After that, I pick the higher value read and this will represent the voltage at mains power supply (for the positive ac semi-cycle wich represents 1/2 of the total mains voltage).

Is this right?

Thank you very much.

That's pretty well it, but normally you would just time the ADC read after zero crossing, rather than multiple reads.

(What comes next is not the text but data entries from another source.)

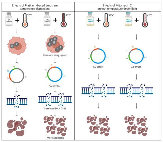Graphical conclusion. (A) Platinum-based drugs require hyperthermia to induce significantly more DNA double strand breaks (DSBs), G2 cell cycle arrest, and increased apoptosis in colorectal cancer cells. (B) MMC treatment, even without hyperthermia, induces DNA DSBs, results in G2-arrest and leads to high apoptotic levels in colorectal cancer cells. Created with Biorender.com.
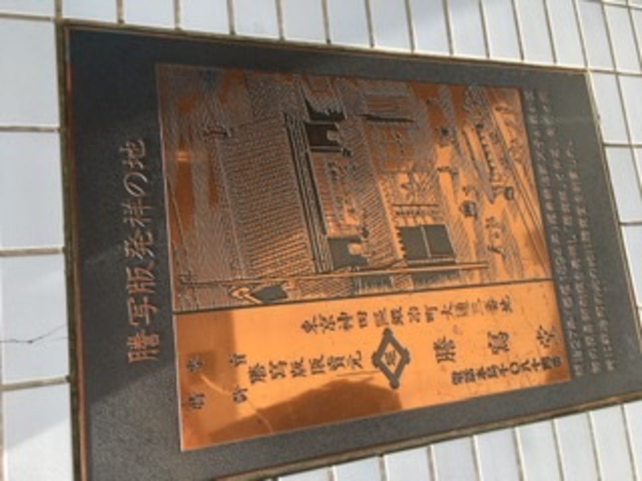 今の若い人だと分からない人が多いかも知れませんが、謄写版とは小中学校で頻繁に使っていたガリ版印刷のことです。JR山手線神田駅の東側で中央通りに面した神田中央通ビルの壁にありました。「謄写版発祥の地」と刻まれた 銅のプレートが埋め込まれており、常に大切に磨かれているのでしょうか、プレートの表面が黄金色に輝いていました。
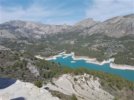 Foto links; .In de Jalon vallei een wandeling maken. De amandel bomen bloeien en de sinasappelen zijn klaar. |
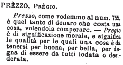 | Prezzo, Pregio - Prezzo, come vedemmo al num. 755, è quel tanto di denaro che costa una cosa, volendola comperare. - Pregio è di significazione morale, e significa le qualità per le quali una cosa è da tenersi per buona, per bella, per degna di essere da tutti lodata o desiderata. [immagine] |
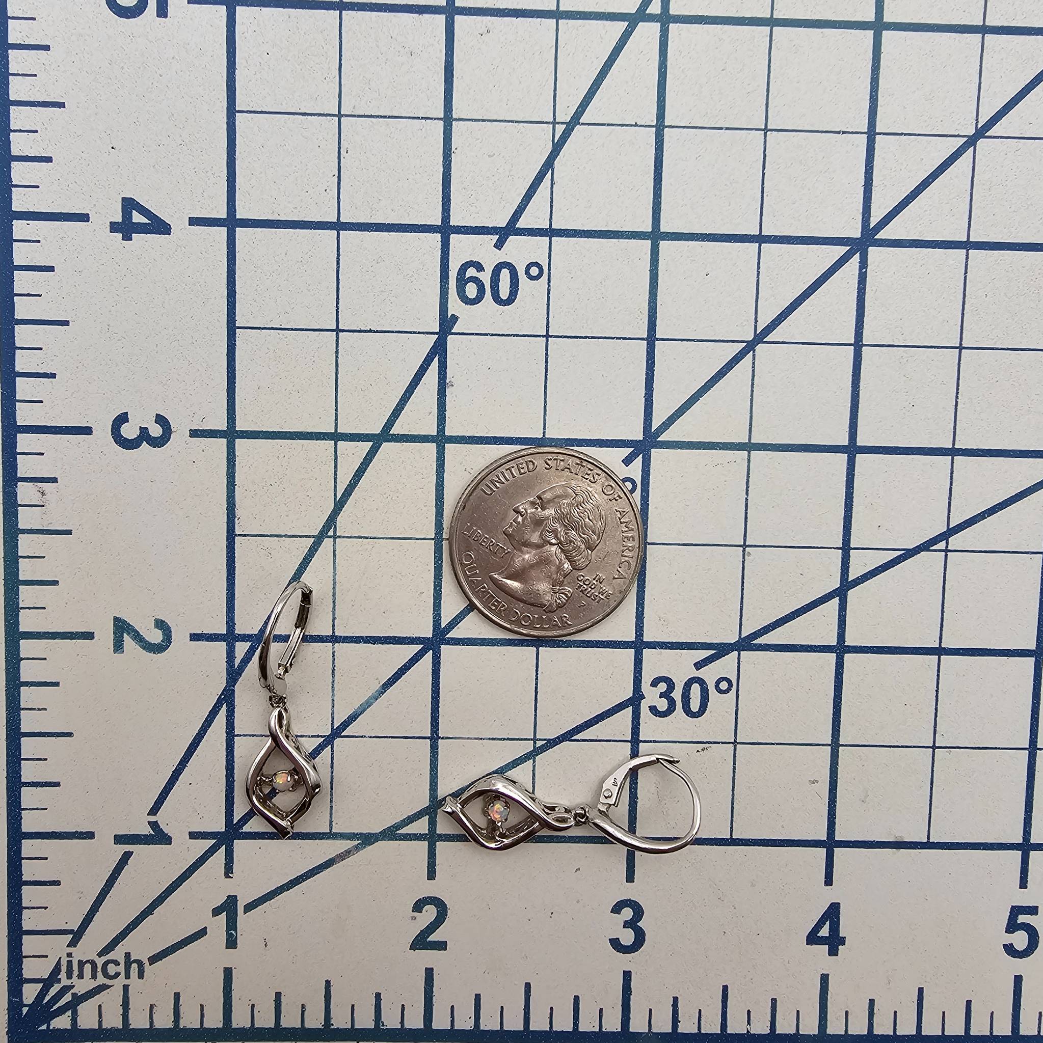 Drop earrings crafted in sterling silver featuring opal gemstones. Earrings weigh 3.5 grams in total. Design includes lever-back closures for secure wear. Suitable for casual or formal occasions. Coin in image is for scale and not included.
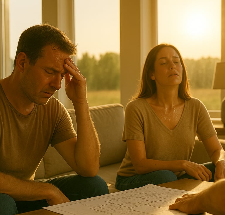 You might not have caught the detail on the sales contract, which limits the orientation of your home on the lot, which means the sun will beat down into your beautiful living room with the floor-to-ceiling windows, all summer long.

The VERY old (16C84) EPE project for a mains power meter used a preset to adjust the reading point to match peak voltage, I built one way back when.

Ok.
In our country, the mains power is cycled at 60Hz, so the period is 16.67 ms.
Then, I wait for the crossing 0 Volts and wait 1/4 of this time (4.17ms), so I will be at the peak of the semi-cycle (almost).
Even if I don't get exactly the peak of the semi-cycle, I think that there is no problem because the radings will be allways relative to this timming.
When I detect the 0 volts, I don't know if the next semi-cycle will be positive or negative. As can be seen in the schematics, the 150K resistor is conected directly to the mains, so, the voltage, after the zero pass, can be either positive or negative. If I read after the zero crossing, how to know if I am reading the right semi-cycle?

ssaguiar said:

Ok.
In our country, the mains power is cycled at 60Hz, so the period is 16.67 ms.
Then, I wait for the crossing 0 Volts and wait 1/4 of this time (4.17ms), so I will be at the peak of the semi-cycle (almost).
Even if I don't get exactly the peak of the semi-cycle, I think that there is no problem because the radings will be allways relative to this timming.
When I detect the 0 volts, I don't know if the next semi-cycle will be positive or negative. As can be seen in the schematics, the 150K resistor is conected directly to the mains, so, the voltage, after the zero pass, can be either positive or negative. If I read after the zero crossing, how to know if I am reading the right semi-cycle?

Click to expand...

It's fed from a bridge rectifier, so all readings are positive.

Nigel Goodwin said:

It's fed from a bridge rectifier, so all readings are positive.

Click to expand...

The voltage, wich arrives at this circuit, is feed from one of the mains wires (W?), thru the 150 K resistor. The brige delivers V_IN1 and V_IN2 (positive and negative).
Using an osciloscope, I can see the waveform at the common point between R3(10K) ,R4(10K) and R?(150K) and i'ts an alternate waveform with a total amplitude of 20 volts (+10 to -10 Volts).

Sorry, I hadn't noticed the bridge was that way round

So simply read each half cycle, and ignore the low one.

Or does the zero crossing pulse only work every full cycle?, scope that.